Over those same 12 years many native bee populations have declined, including the once ubiquitous fuzzy yellow American bumblebee (Bombus pensylvanicus). So I took notice when a 2020 study claimed that city bees were faring better than their country cousins. I wondered whether they were counting the bees like I was.

It turns out the scientists were counting bees. But they were looking at other ways of determining bee success as well. Researchers in Germany compared bee activity in paired “flower-rich” study sites established in and around nine cities. They matched urban and rural locations in terms of land cover and flower abundance. For city sites, the researchers located their study plots in urban core areas surrounded by high road density and human infrastructure. Seven were in or close to botanical gardens, and two were in public parks. They set up the rural site areas where agriculture and forest or grassland cover were dominant land uses.

Bumblebee in penstemon. Smith-Heavenrich photo

Then scientists visited each pair of sites for five consecutive days. They placed 10 potted red clover plants at each study site and observed the plants for 15 minutes at a time, monitoring insects at the flowers. They also set out pan traps — blue, yellow and white pans filled with soapy water — to sample flying insects that visited the site. After five days, they moved the clover plants to a greenhouse and allowed them to mature. They used seed set as a measure of pollination success.

While the scientists found a greater diversity of flying insects in the countryside, the clover flowers from urban sites had a higher pollination rate. Their prime pollinator: bumblebees, accounting for 75% of the recorded flower visits. Honeybees came in second, making up almost 9% of flower visits.

The diversity of flowers in parks and gardens — and even in untended vacant lots — provides a reliable food supply for bees in the city. But the German researchers believe that the bees are finding good nesting opportunities as well in exposed soils, dead wood and wall cavities. And, because of their orientation and learning skills, bees may be able to cope with the challenges of city life better than other insect pollinators.

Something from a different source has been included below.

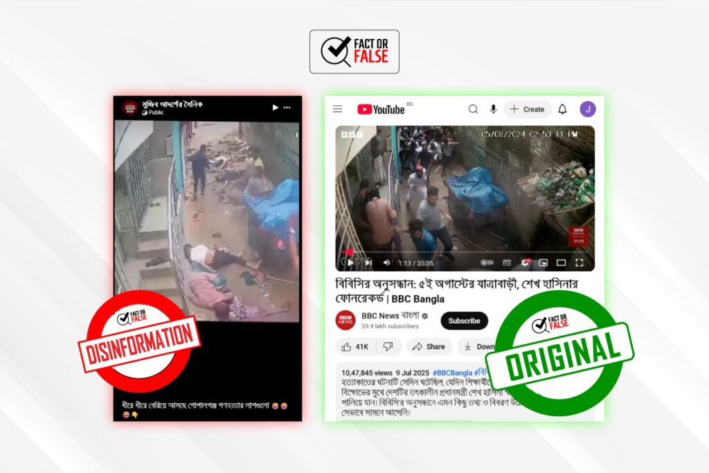 “ধীরে ধীরে বেরিয়ে আসছে গোপালগঞ্জ গণহত্যার লাশ”—এই দাবিতে একটি ভিডিও প্রচার করা হয়েছে। যাচাইয়ে দেখা গেছে, এটি গোপালগঞ্জের নয়, বরং ২০২৪ সালের ৫ আগস্ট ঢাকার যাত্রাবাড়ীতে ছাত্র জনতার আন্দোলনের সময়ের সিসিটিভি ফুটেজ। এই ভিডিও বিবিসি বাংলার ৯ জুলাই প্রকাশিত প্রতিবেদন ও প্রথম আলোর ১৪ জানুয়ারির একটি প্রামাণ্যচিত্রে দেখা ফুটেজের সঙ্গে মিলে যায়।

Which begs the question: What’s going on with bees in the rural countryside? The researchers note that the types of nesting sites, gardens and hedges prevalent in urban areas are often missing in an agricultural landscape. Even if a farmer plants flower strips, cultivation and mowing disturb nesting sites as well as perennial nectar and pollen sources. Other studies have shown that bumblebees and other wild bees are susceptible to pesticides, which could explain low populations in rural areas.

Cities as Bee Reservoirs

One of the questions raised by the German researchers is whether cities could serve as a source of pollinators for the farmland surrounding them. Their two-pronged recommendation posits that cities be made more attractive to pollinators and, at the same time, flower-rich areas with nesting sites be created in rural areas. Corridors linking the two could boost pollinator numbers in orchards and fields near urban areas.

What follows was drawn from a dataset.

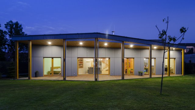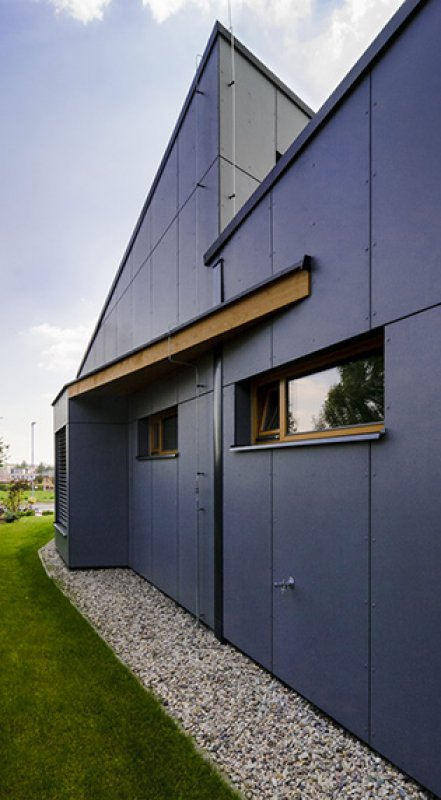 Zadání domu mělo bohatý program, naše teze byla vytvořit co nejkompaktnější objem z exteriéru, který je vnitřně diferencovaný a bohatý.

At the same time the German researchers were gathering their data, a diverse group of people in and around Portland, Maine, began talking about whether — and how — they might create pollinator habitats. Heather McCargo, who founded the Wild Seed Project, was one of those.

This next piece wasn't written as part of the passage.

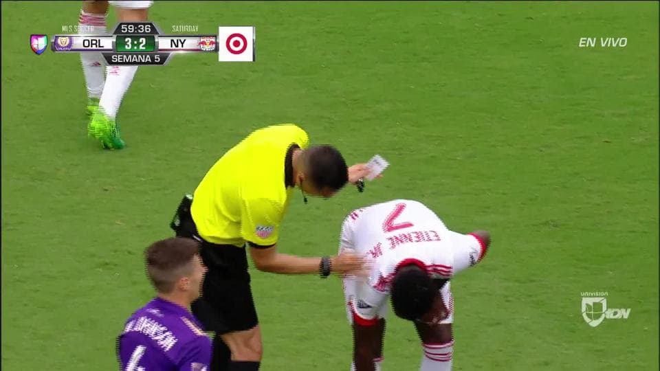 Tarjeta amarilla. El árbitro amonesta a Lamine Sané de Orlando City SC

Bumblebee leaving marigold. Smith-Heavenrich photo

“I think of it as rewilding,” she said during a phone chat this summer. Her aim with the Wild Seed Project is to build corridors of native plants that provide a supportive environment for bees and butterflies. Most people think about the summer flowers in their gardens, McCargo said. But adult pollinators require a reliable source of pollen and nectar that lasts from spring through fall. That means providing plants that flower at different times. Larvae are more specialized, dining on the foliage and stems of specific plants. The good news is that many of those plants can thrive in city spaces where there is lawn, weeds, drainage areas, cemeteries or roadside edges.

In 2015 the Wild Seed Project partnered with a team of graduate students from the Conway School of Landscape Design to evaluate the potential for pollinator corridors in Portland. One of the students was Molly Burhans, who used a geographic information system (GIS) to analyze habitat and land use in the city. GIS connects data to a map, integrating location data (where things are) with all types of descriptive information (what things are like there). It’s a lot like those drawings of the human body with liftable plastic sheets printed with the skeletal system, muscles and blood vessels. In the case of the Portland project, GIS brought together data about topography, solar radiation, drainage, and shade cast by buildings to create the layers in a map that showed how the city could provide robust pollinator habitat. You can find their Portland Pollinator Vision Plan at the Wild Seed Project website.

Annie Wadleigh, founder of the Portland Pollinator Partnership, worked with McCargo on the project. The collaboration resulted in pamphlets and information sheets about planting insect habitats and a two-page “How to Create Your Own Community Pollinator Garden” guide. Over the years, the group has partnered with Wild Seed Project, Maine Audubon and City of Portland on a number of projects that range from encouraging “low-mow” areas in parks to planting a meadow with a school, to pocket parks and demonstration gardens along the Bayside Trail.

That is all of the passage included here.